We didn't say much else, I told him then that I'd appreciate being able to work until mid-November because people at work are booked for holidays and there's no one else to cover them, then I would begin sorting things out.

I was going to talk to him last night, but he was "sick" and pretty much went off into the bedroom nearly the whole time I was home. He's been tip toeing around me a lot (which is a unique situation. Whenever we've argued previously he always somehow gets the upper hand and I feel guilty, even over the smallest things, and try to make it up.

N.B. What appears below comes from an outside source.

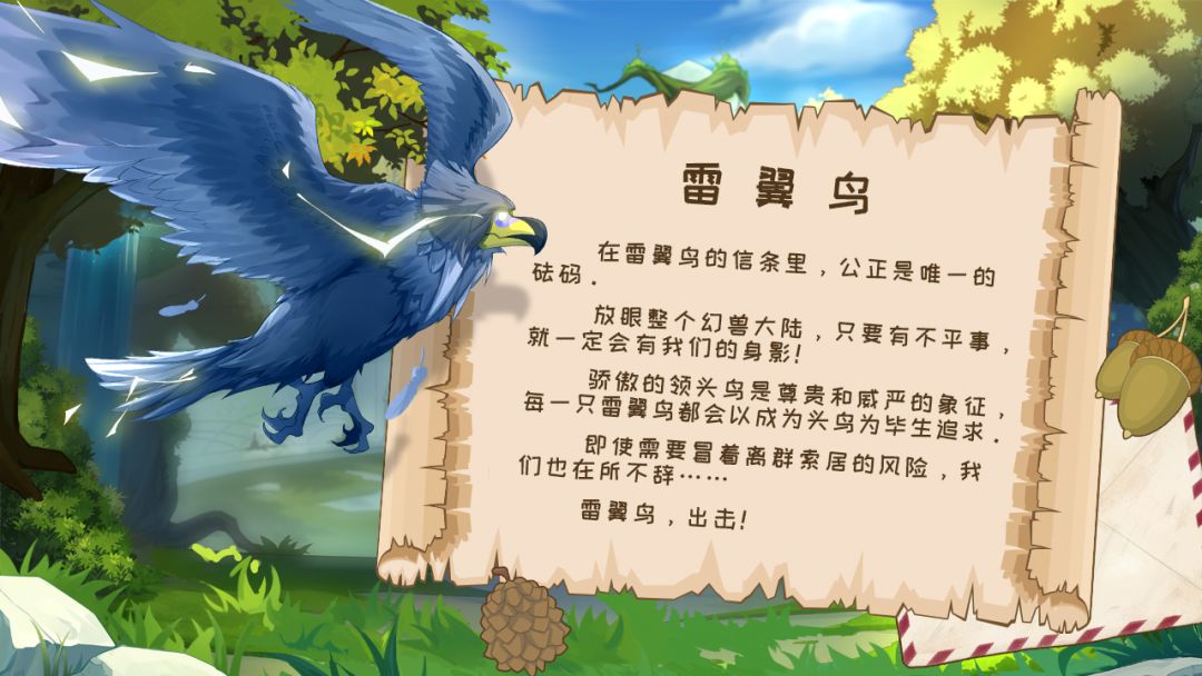 “雷翼鸟很少休息,人们常说的“休息五分钟,活动一整天——指的就是雷翼鸟,雷翼鸟是典型的集群性幻兽,不同的群落都会有各自的“头鸟”——被冠以“雷霆之声”的头衔。头鸟是族群里最有威望智慧的人,评选头鸟的参考标准是有魄力,有远见,战斗实力反而没那么重要。”
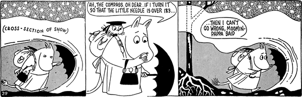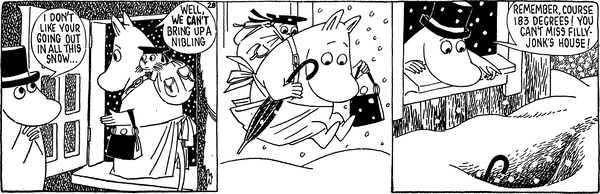 クリップダッスを郵送してきたのは、子育てに疲れてしまったクリップダッスのママ。穏やかに冬眠したいムーミン一家は、3人の子どもをしっかりとしつけているお隣のフィリフヨンカに託すのがよいだろうと判断。ムーミンママはクリップダッスをリュックに入れ、コンパスを片手に、傘で雪を堀りながら進んでいきました。

Even when it's not my, or anyone's fault, as in something beyond our control goes wrong, he still somehow made me feel responsible and I'd try to fix it. Done now, don't care!!) and this morning showed his first sign of annoyance at me, which I cut him off from pretty quickly.

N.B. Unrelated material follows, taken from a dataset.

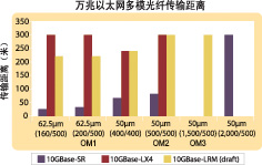 圖:多模光纖的種類不同,萬兆以太網(wǎng)PMD的性能也隨之不同
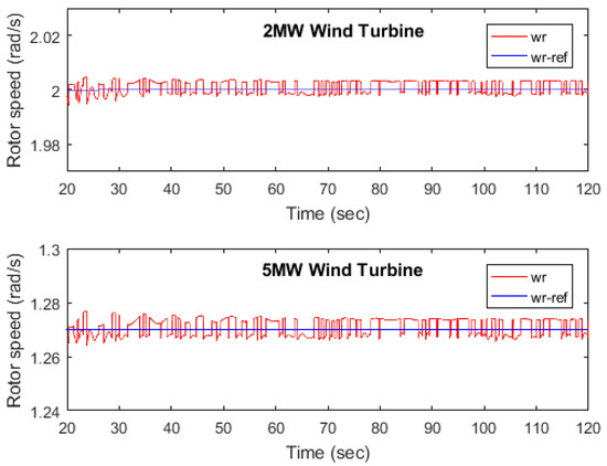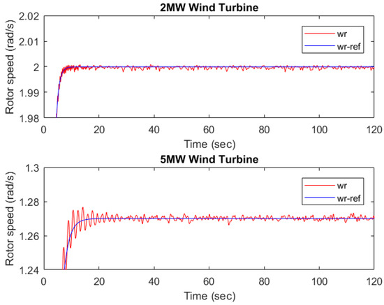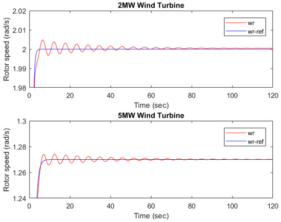 Figure 14. The reference model and the compensator model for this case study are the same as the 2 MW and the 5 MW wind turbine plants.

I don't want to be a bitch. I want to talk about it and actually make it 100% clear to him that we are not going to sort this out, but I want us to be.....if not friends, then not enemies. Does that make sense? We have 2 children, and I don't want this to be one of those break ups where we want to slit each others throats, and make things hell for the children. I know in some situations that's unavoidable, but hopefully not here. If the shoe was on the other foot, and I was at fault, I doubt he'd be so generous, but I can't be a vindicive person.

Jus the whole thing in front of me is so overwhelming, I have felt physically sick since it started, since I know in my heart there's no turning back. I wish I could just sweep it under the rug and fix things, but I can't, especially not for the sake of my children. For once I need to grow a pair and stand up for myself.

How the hell do I do it? My brother has offered babysitting services (he only works a few nights a week so is available during the day) so I don't quit my job, but I know I'll need to cut back to part time at least. I need to somehow civilly tell DP we need to put the house on the market and split the profit, because I can't afford to pay him out, and I don't want to screw him out of everything. I need to sort out custody, selling house, telling relatives, get through Christmas, and probably a hundred other things I haven't thought of.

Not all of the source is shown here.